Donald Trump’s presidency has made the dominance of strongmen elsewhere only more vivid: in Russia, Thailand, Hungary, Brazil, Nicaragua, the Philippines and many other countries. Since around 2016, the question of where the strongman phenomenon comes from has been a constant issue for political theorists. What allows these men to rise? And why now? The answer is often wrapped up in some idea of ‘populism’. ‘The people’, so the thought goes, have gained control of ‘the elites’. This is a view of populism as essentially thuggish and anti-intellectual. The people are insurgent, and with great bluster and bravado the leader claims to speak for them.

But there is, in fact, a robustly intellectual foundation for strongman politics. Populism is not just a bull-in-a-china-shop way of doing politics. There is a theoretical tradition that seeks to justify strongman rule, an ideological school of demagoguery, one might call it, that is now more relevant than ever. Within that tradition, one thinker stands out: the conservative German constitutional lawyer and political theorist Carl Schmitt (1888-1985). For a time, he was the principal legal adviser to the Nazi regime. And today his name is approaching a commonplace. Academics, policymakers and journalists appeal to him in order to shed light on populist trends in the US and elsewhere. A recent article in The New York Review of Books argues that the US attorney general William Barr is ‘The Carl Schmitt Of Our Time’. The Oxford Handbook of Carl Schmitt (2017) came out in print the year after Trump’s election. After decades as a political rogue, forced to launch his attacks on liberalism from the sidelines, Schmitt’s name has returned to prominence.

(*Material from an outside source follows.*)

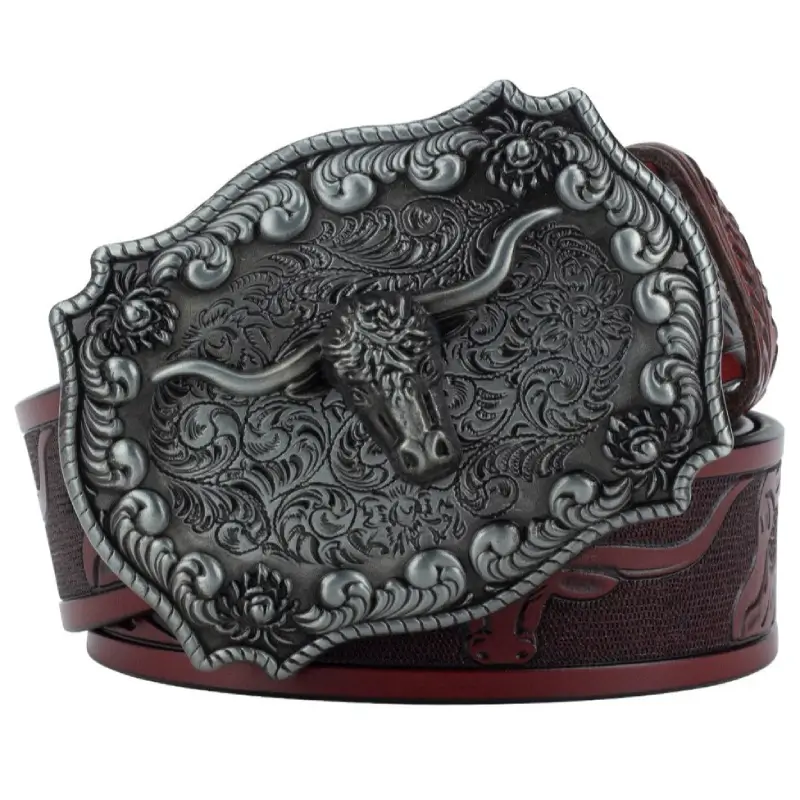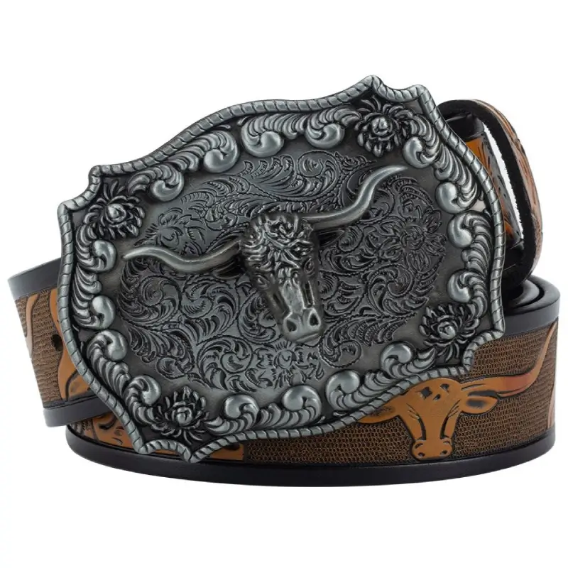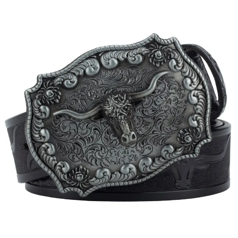 Pero el verdadero atractivo de este cinturón reside en su hebilla, que lleva grabada una impresionante calavera de toro, que evoca la fuerza y la libertad de la cultura Tejana. Este detalle único y llamativo confiere al cinturón un carácter atrevido y un aire de autenticidad.

He was the great systematiser of populist thought, which makes him useful for understanding how populist strategies might play out in politics, as well as in the legal/constitutional sphere…

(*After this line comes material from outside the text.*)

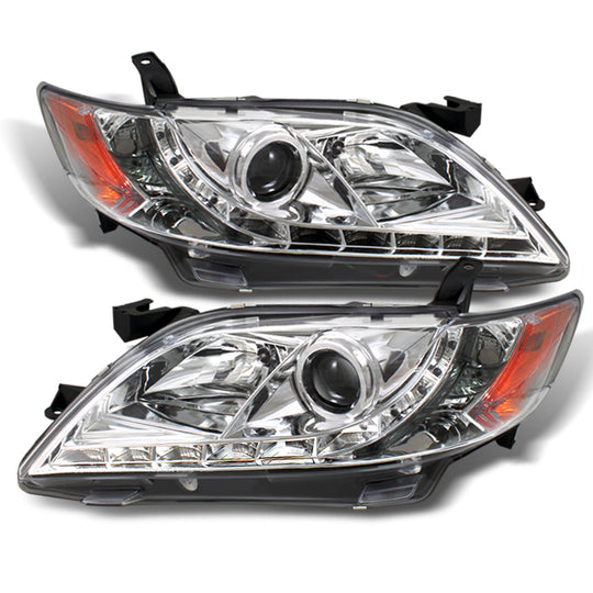 AKKON - For Toyota Camry Chrome Clear DRL Daylight LED Strip Projector Headlights Front Lamp Left + Right Pair

Demagogues do not rise on popular feeling alone but (as seen, e.g., in the advocacy for Brexit and in the opinions of Neal Gorsuch) on the constitutional ideas of Weimar and Nazi legal theorist Carl Schmitt: “Lawyer for the strongman.”

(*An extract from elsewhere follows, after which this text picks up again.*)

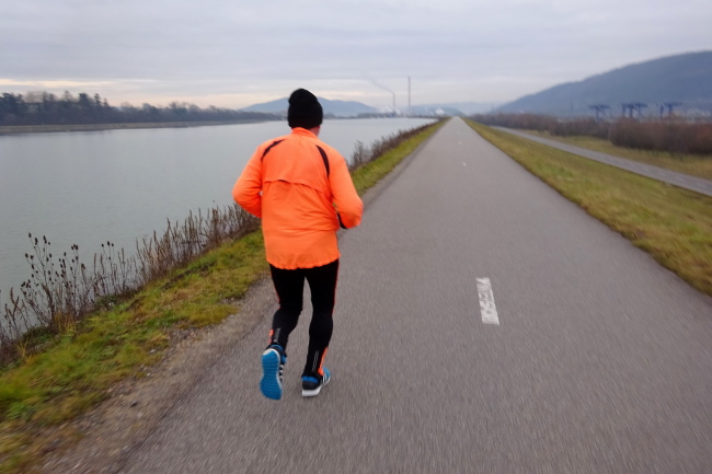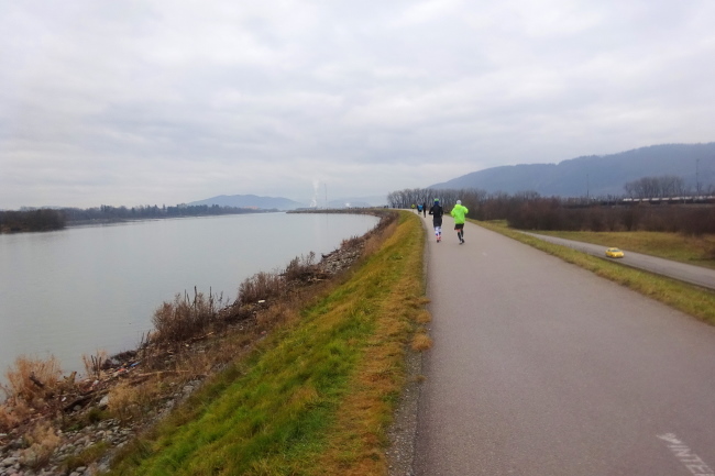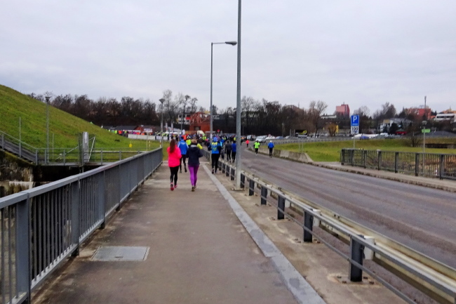Das Feld der Halbmarathonläufer und der 8 km-Starter ist lang auseinander gezogen. Aber es gibt auch Langsame, die mich nicht zu überlaufen vermögen – der Halbmarathon ist 3 h offen. Auf der im Laufrichtung gesehen rechten Seite ist die riesige Kia-Autoproduktionsstätte mit freiem Auge gut erkennbar – ein ebenso vielgleisiger Verschiebebahnhof komplettiert die Industriezone rechts vom Damm.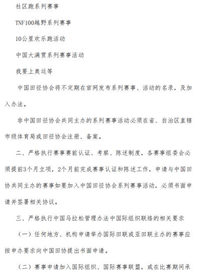 通知提及将严格执行中国田径协会赛事立项认证制度,未经中国田径协会认可的系列赛事将不予认证。中国田径协会将不定期在官网发布系列赛事、活动名录及加入办法。

For an authoritative explication of Schmitt’s beliefs and arguments, see this article in the Stanford Encyclopedia of Philosophy.

And for an account of Schmitt’s impact beyond the law per se, on political theory and practice– his advocacy of “national greatness” and its centrality both to neo-conservatism and to the reactions against it– see “Carl Schmitt: The Philosopher of Conflict Who Inspired Both the Left and the Right” (from whence, the image above).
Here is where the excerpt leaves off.